少し緊張していた。呼吸を整えると、呼び鈴を鳴らした。
6
境内の休憩所で、星宮さんは、自動販売機の紅茶を奢ってくれた。
「月歌は、クリエーターネームだよ。本名は星宮月渚。自己紹介の際に、齟齬があった。お互いに気付かなかったんだね」
「てっきり月渚さんは、隠里世から来た異形だと思ってしまいました」
「どうして」
「隠里世の鬼火を目撃したから、祭りの前後に隠里世から現れる亡者は、実在すると思ったんです。そこへ来て、轟さんが、ココノツキカなんて客は知らないって言うから、てっきりココノツキカは、隠里世から現れた異形だと思ったんです」
「そっか。確かにココノツキカは実在しない。だけど、鬼火は実在するよ。君が見た山腹の灯りは、鬼火に間違いない。
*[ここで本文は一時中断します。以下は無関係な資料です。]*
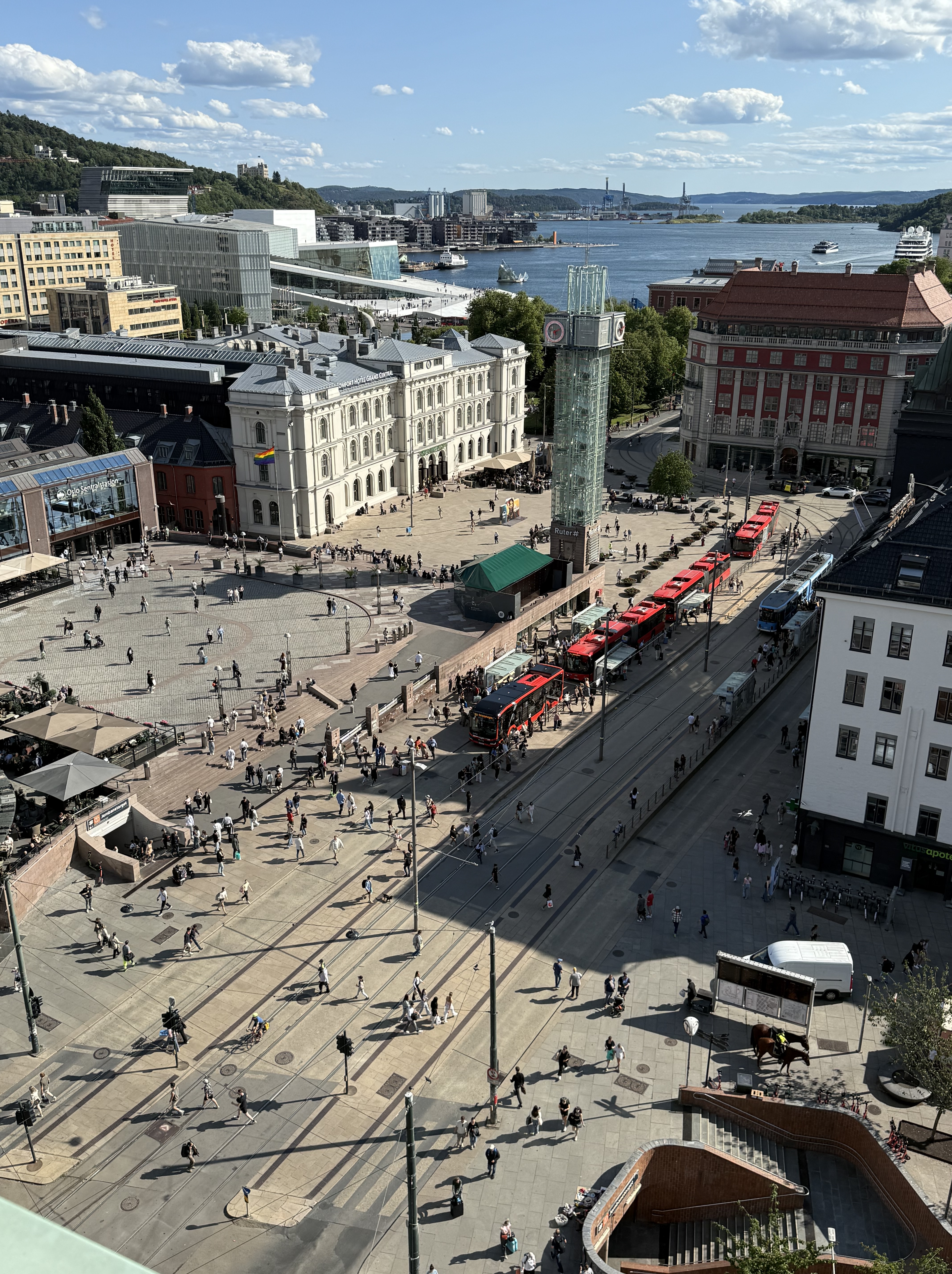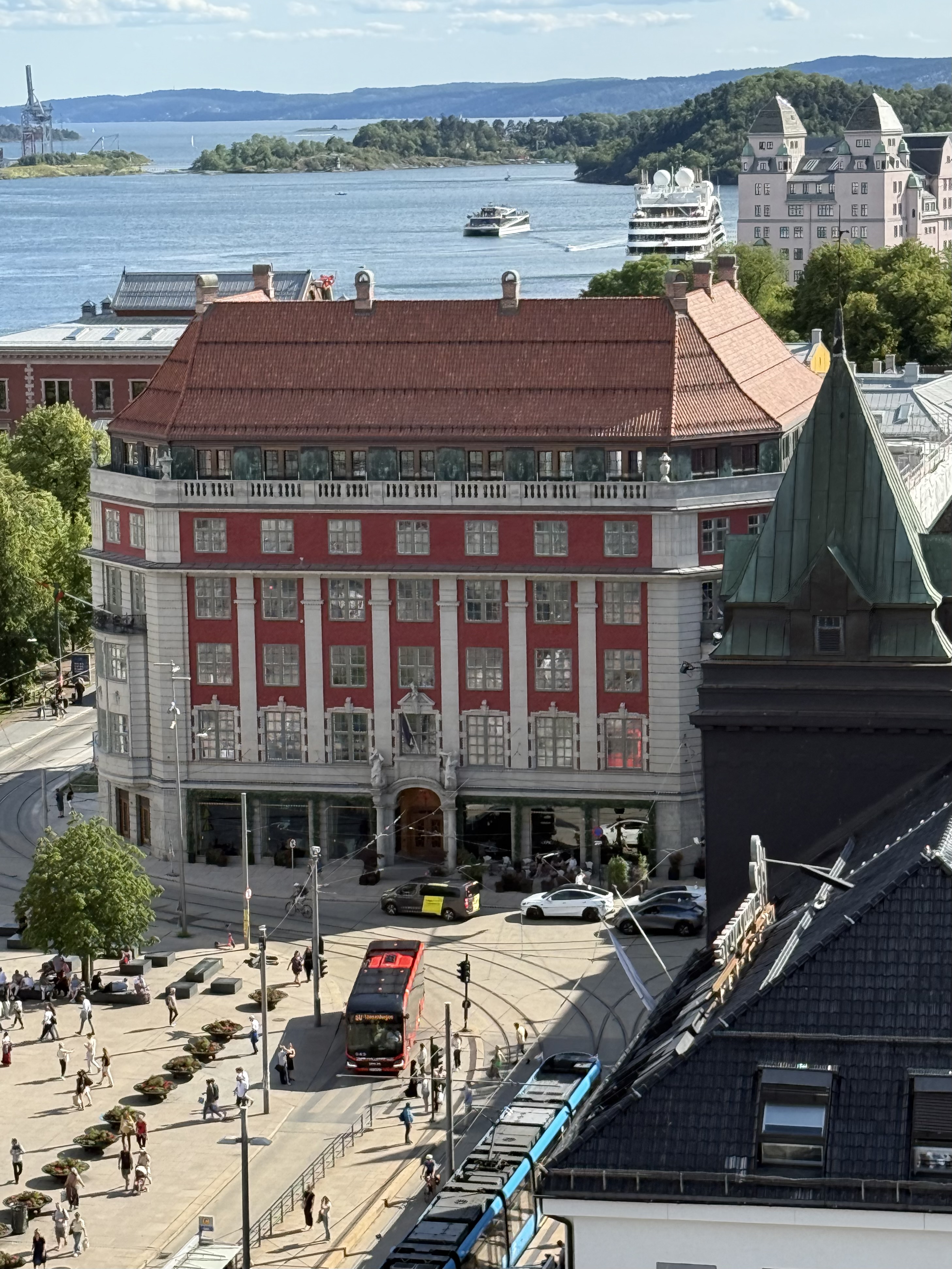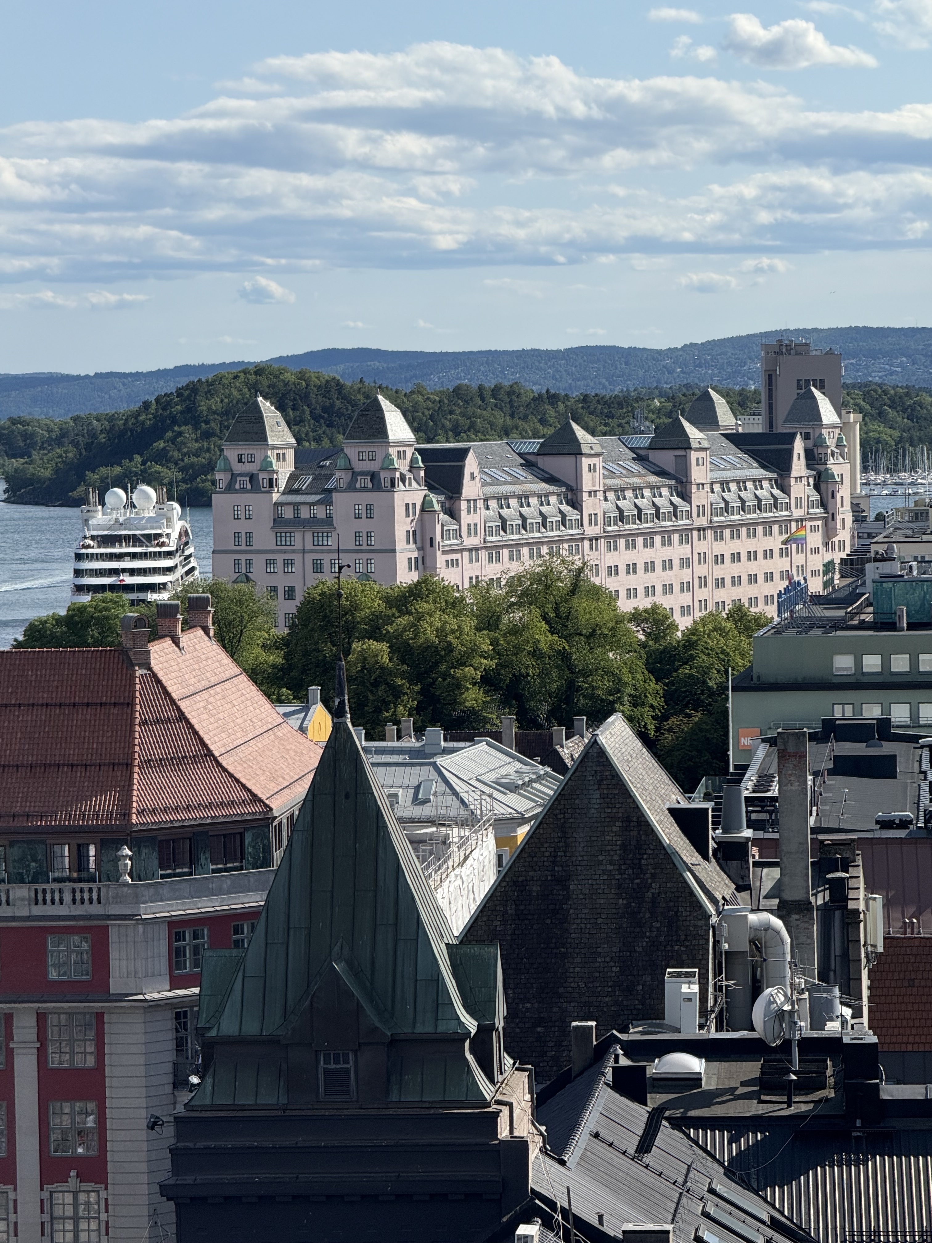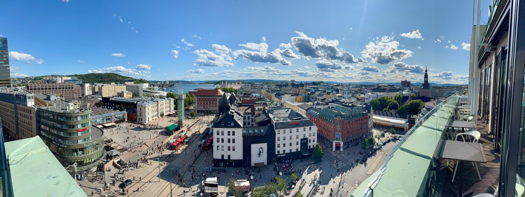 We have arrived in Oslo. It’s a sunny day with blue sky and temps in the mid 70’s. We arrived at the train station and walked across the street to our hotel (Clarion Hotel Oslo). What a great location. Checked into our room and decided to go to an early dinner since we did not have lunch. Our hotel had a restaurant on the top floor with a spectacular view of downtown Oslo. We had a delicious dinner and really enjoyed watching the motion of people, trains and trolley’s and we watched from our dinner table. As we looked out the window, we started planning where to walk this evening.

ただし、亡者の魂ではなく、あれは蛍石の燐光なんだ」「蛍石?」
「フローライトという蛍光石だよ。蛍光石というのは、紫外線を当てると励起して、紫外線より波長の長い光を放つ。様々な蛍光石があるけど、代表的なのがフローライト」「紫外線で光るということは、太陽光で発光するのですね。でも、僕が見たのは日暮れ以降です」
「フローライトの中には、紫外線照射を終えても、蓄光していた光を燐光する石もある」「なるほど。蓄光ですか。昼間に光を蓄えて、日暮れ以降も光るということですね。しかし、それでは、祭りの前後だけ光るという伝承が符合しません。毎日燐光を放つのではありませんか」
「蛍石を御神体とする、鬼火社へ射し込む太陽光の角度が重要なんだ。鬼火社のある、渓谷の岩壁に、太陽光が射すのは、夏の一週間の間だけなんだ。その間に、祭りが行われる」
「…光る社の謎、なかなかです」
「謎じゃないよ。謎だと思うのは、まだ君が引っ越して来て日が浅いから。鬼火社の御神体がフローライトで、それが太陽光で燐光するなんて事実は、地元民には当たり前の事さ」
「そっ…すか」
「ところで、星宮さんは…」
「月渚で良いって」
「月渚先輩は、青空学園の生徒さんなんでしょうか」
「そう、青空学園三年生。君もかい」
「僕は、一年です」
「最近、あやかし温泉に引っ越して来た一年生が居るって聞いたけど、君のことなんだね。もう部活は決まったのかい」
「部活は、前の学校でも、帰宅部でした」
「そっか。あの冊子は、青空学園民俗学研究部が発行したものなんだ」
「え、そうなんですか」
「怪談好きだと聞いたから、冊子を読んでもらって、君の反応を見たかった。冊子は、面白かったかな」
「妖怪の伝承が盛り沢山で、僕の好みでした」
「じゃあ、決まりだね。俺の一存で入部の是非は決められないけど、顧問の遠野先生に入部届け出すのは決まり。楽しい怪談収集に青春の全てを費やそう」
怪談に全霊を注ぎ込む青春。
僕の青春は、ここから始まった。